RE[3]: Debian GNU/kSolaris?
by Kebabbert on Sun 11th Oct 2009 02:15 in reply to "RE[2]: Debian GNU/kSolaris?"
Kebabbert Member since:
2007-07-27

I do love how OpenSolaris handles upgrades and patches. I doubt Debian or any other OS handles it better.

If I do a patch or upgrade, then a snapshot will automatically be created - called Boot Environment, BE. In GRUB, all BE will be listed so I can choose which BE I want to boot into. If the patch breaks something, I just reboot into an earlier BE.

This is due to ZFS. Snapshots writes all new data on a new place on the hard drive, and all old data are still left intact. No changes occurs on the old data, they are only read from. This makes it possible for a fail safe rollback. You can destroy the BE and the system will look exactly as before the BE. Every single bit will be the same.

This allows you to have several different branches. One stable branch with lots of different BE. Another unstable branch where you try different things. If you delete the kernel by accident, you just boot into an earlier BE in GRUB. True versioning of the entire system, on bit level.
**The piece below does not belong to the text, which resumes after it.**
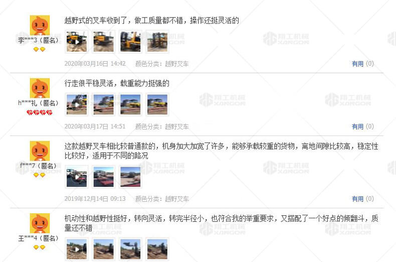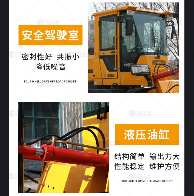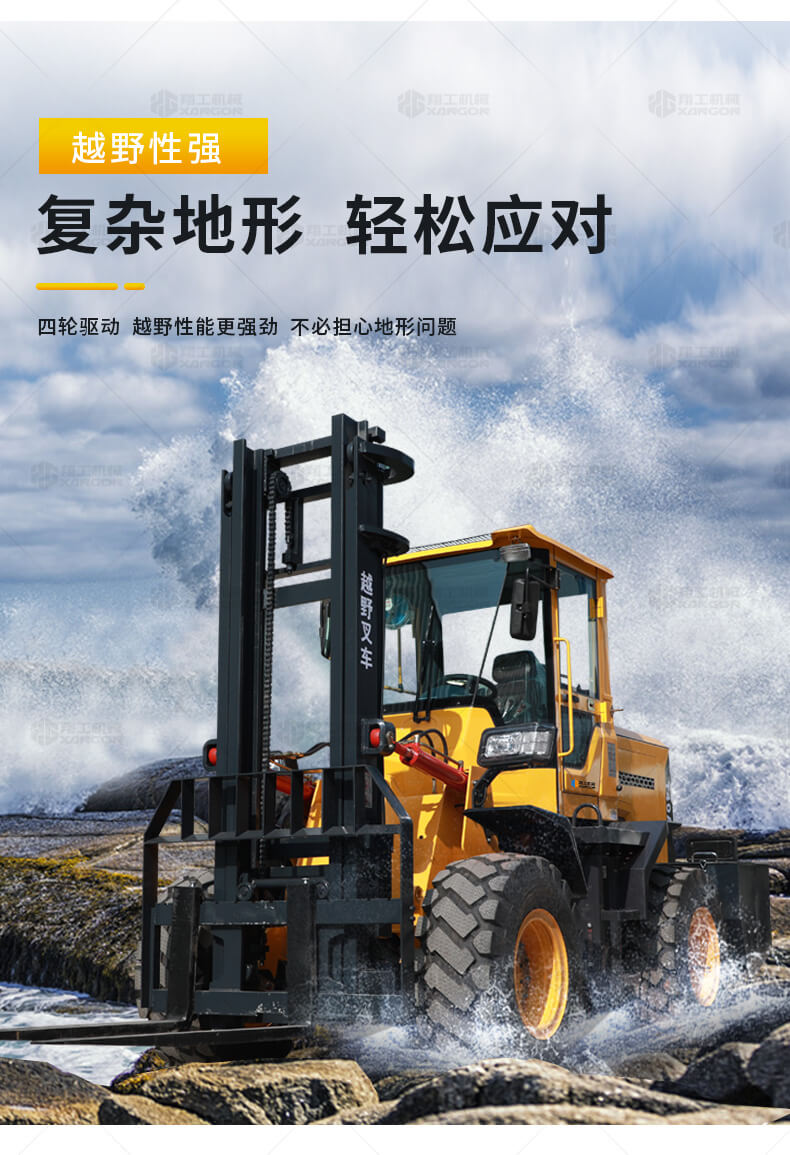 3.普通叉車只能在平整的路面上作業(yè),而越野叉車既可以在普通路面上作業(yè),還可以在山路泥路崎嶇道路作業(yè),輪胎抓地力強,不打滑。

It has happened that a upgrade to a new build of OpenSolaris has broke something. What do you do, if you make a large upgrade on Linux and something breaks? How do you rollback? Reinstall everything? I just boot into the earlier BE and destroy the new failed BE, and I am exactly in the same state as before the upgrade.

It is fail safe to upgrade and patch with OpenSolaris. Therefore, I doubt that Debian or any other OS has better ways of handling things than IPS.

And this works very fast and quick too. Sometimes you read about a tech, that sounds good but in practice it is too cumbersome to be used. Not so with BE. Once you try BE you never want to go back.